> _ABOUT THIS TASK_
The lines below, from the first through the one containing "Now this microSD", are to be given again exactly, with pictures left out and nothing added.

> _GIVEN INFORMATION_
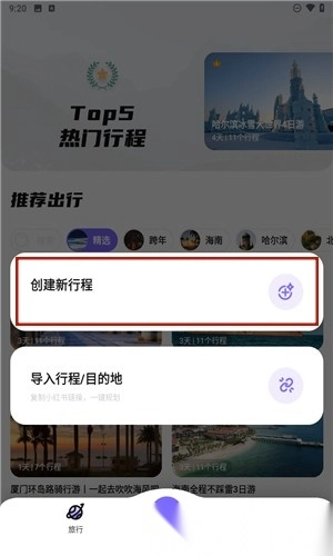 用户既能直接挑选心仪的旅程启动查询,也能点击页面下方紫色的“+”添加按钮来制定新的行程安排。
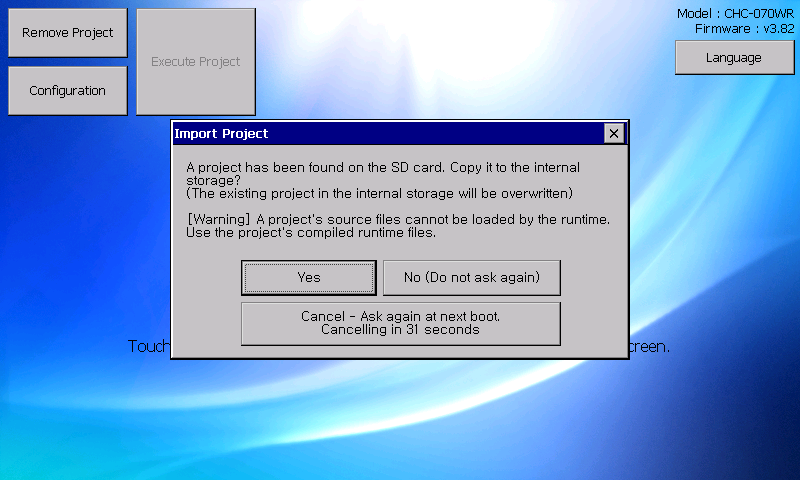 Now this microSD card becomes the storage medium. There is no need to connect the PC to other HMI devices individually. If you insert only this mircoSD card and turn on the power, the following screen is displayed.
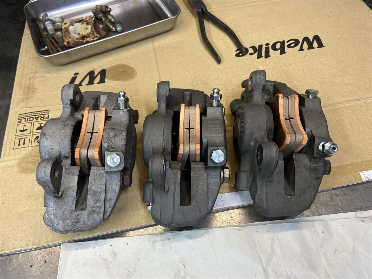 キャリパーは古いものなので分解点検します。使用歴はあまり無いようで、ピストンを掃除する程度で継続使用できそうです。

> _REPLY_
 用户既能直接挑选心仪的旅程启动查询,也能点击页面下方紫色的“+”添加按钮来制定新的行程安排。
 Now this microSD card becomes the storage medium. There is no need to connect the PC to other HMI devices individually. If you insert only this mircoSD card and turn on the power, the following screen is displayed.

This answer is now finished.